-- WORK ORDER --
In the entries below, find the line with "481 Beacon is" and the line with "Aarti Book, Aasan". Return those two lines and all lines between them, exactly.

-- MATERIAL FOR THIS EXERCISE --
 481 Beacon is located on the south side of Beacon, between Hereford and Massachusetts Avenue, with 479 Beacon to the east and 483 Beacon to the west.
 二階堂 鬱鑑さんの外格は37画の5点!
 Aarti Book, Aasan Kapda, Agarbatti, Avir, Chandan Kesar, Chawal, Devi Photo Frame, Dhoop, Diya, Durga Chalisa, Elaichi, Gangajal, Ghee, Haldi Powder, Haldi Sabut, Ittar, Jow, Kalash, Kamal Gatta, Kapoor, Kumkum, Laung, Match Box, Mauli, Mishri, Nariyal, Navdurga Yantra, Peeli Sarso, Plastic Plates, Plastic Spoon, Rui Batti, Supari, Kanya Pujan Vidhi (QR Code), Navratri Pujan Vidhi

...

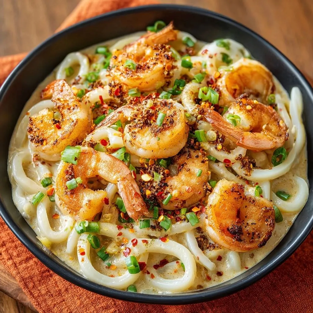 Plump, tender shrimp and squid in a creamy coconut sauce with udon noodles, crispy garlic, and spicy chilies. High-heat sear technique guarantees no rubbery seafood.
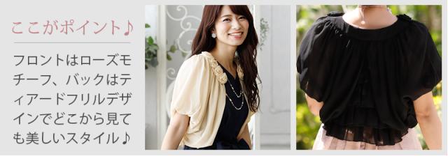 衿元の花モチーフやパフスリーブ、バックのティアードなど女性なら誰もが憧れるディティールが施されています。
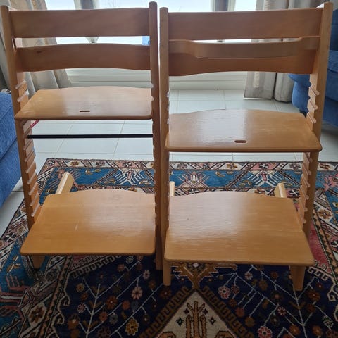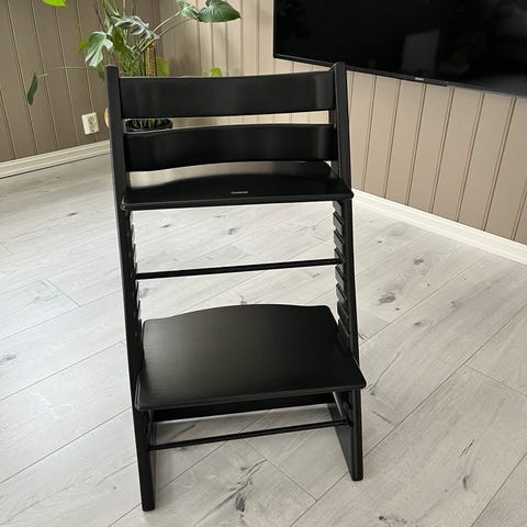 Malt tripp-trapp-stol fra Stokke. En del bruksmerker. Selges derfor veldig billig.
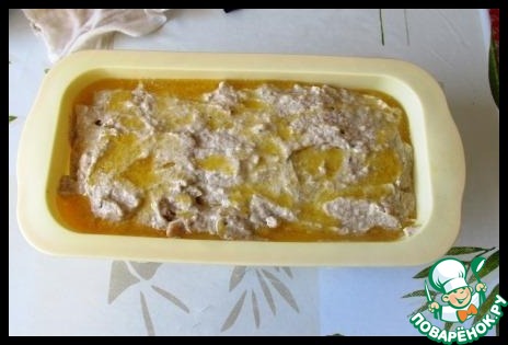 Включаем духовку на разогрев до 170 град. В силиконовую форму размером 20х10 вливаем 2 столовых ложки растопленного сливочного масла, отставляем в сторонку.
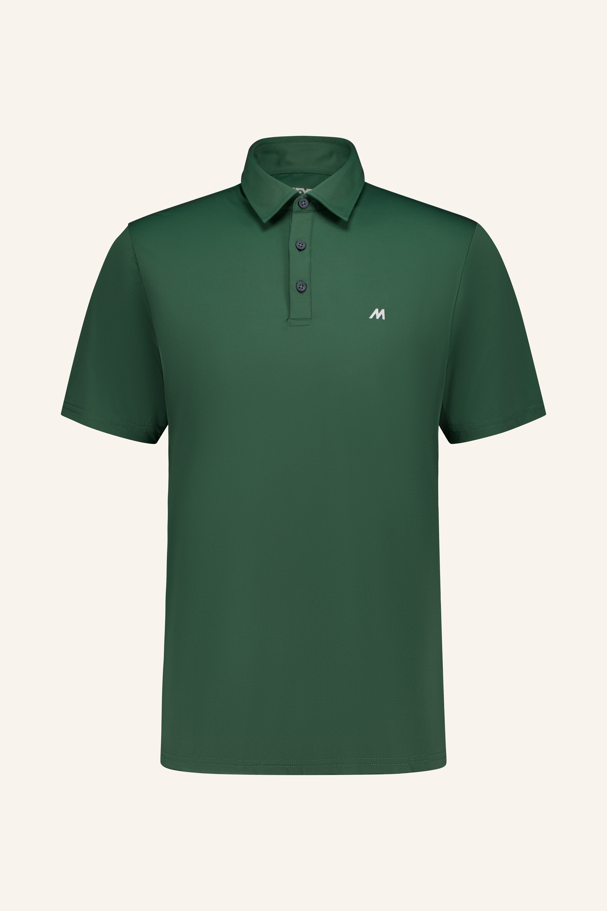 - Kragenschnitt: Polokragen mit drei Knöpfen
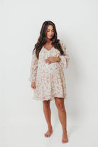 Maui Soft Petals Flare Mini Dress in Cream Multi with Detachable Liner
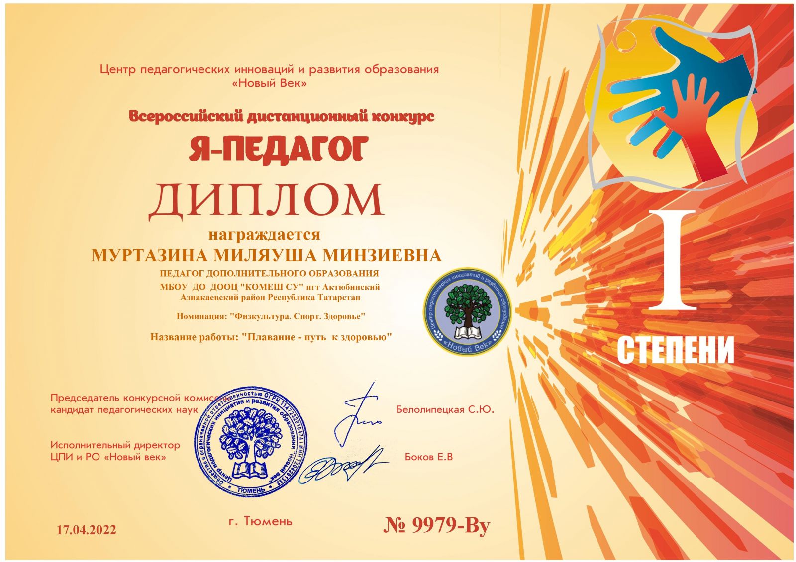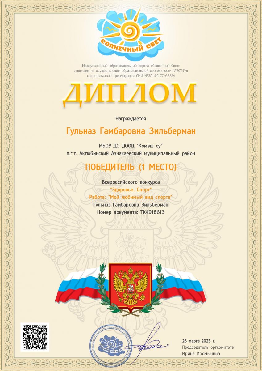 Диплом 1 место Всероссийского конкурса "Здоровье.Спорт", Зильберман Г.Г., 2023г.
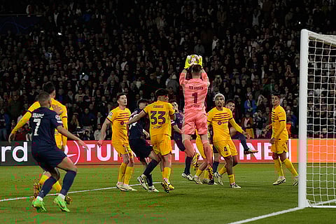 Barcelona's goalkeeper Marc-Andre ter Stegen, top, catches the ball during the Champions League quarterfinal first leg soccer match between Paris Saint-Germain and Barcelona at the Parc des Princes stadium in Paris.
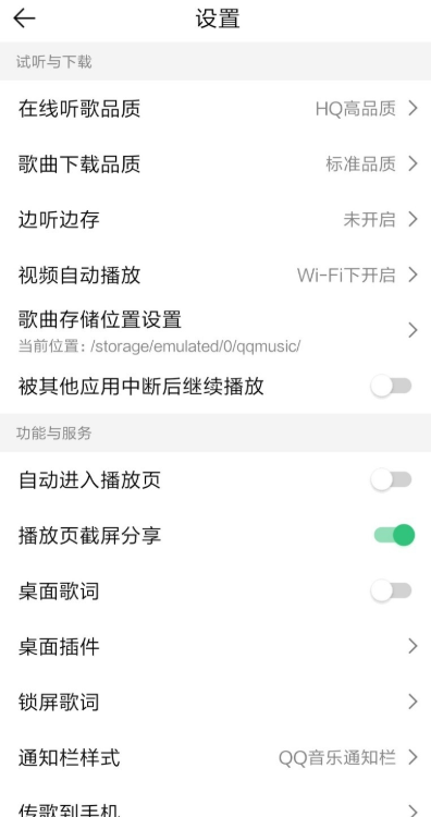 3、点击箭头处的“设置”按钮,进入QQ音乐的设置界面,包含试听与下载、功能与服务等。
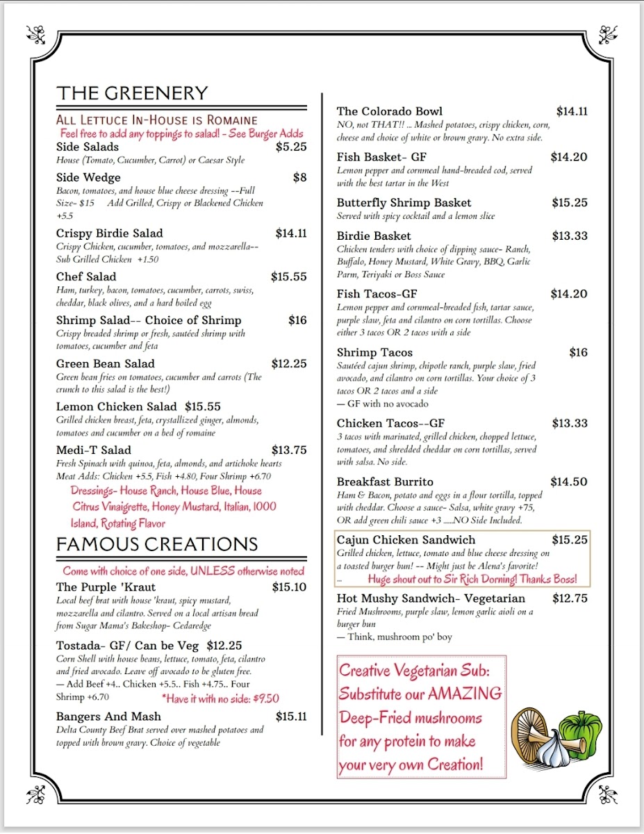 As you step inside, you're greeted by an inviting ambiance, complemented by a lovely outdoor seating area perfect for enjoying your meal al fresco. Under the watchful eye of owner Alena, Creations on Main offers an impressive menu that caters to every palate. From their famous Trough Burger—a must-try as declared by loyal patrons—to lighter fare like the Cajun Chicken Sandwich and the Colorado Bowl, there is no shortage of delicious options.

-- EXERCISE SOLUTION --
 481 Beacon is located on the south side of Beacon, between Hereford and Massachusetts Avenue, with 479 Beacon to the east and 483 Beacon to the west.
 二階堂 鬱鑑さんの外格は37画の5点!
 Aarti Book, Aasan Kapda, Agarbatti, Avir, Chandan Kesar, Chawal, Devi Photo Frame, Dhoop, Diya, Durga Chalisa, Elaichi, Gangajal, Ghee, Haldi Powder, Haldi Sabut, Ittar, Jow, Kalash, Kamal Gatta, Kapoor, Kumkum, Laung, Match Box, Mauli, Mishri, Nariyal, Navdurga Yantra, Peeli Sarso, Plastic Plates, Plastic Spoon, Rui Batti, Supari, Kanya Pujan Vidhi (QR Code), Navratri Pujan Vidhi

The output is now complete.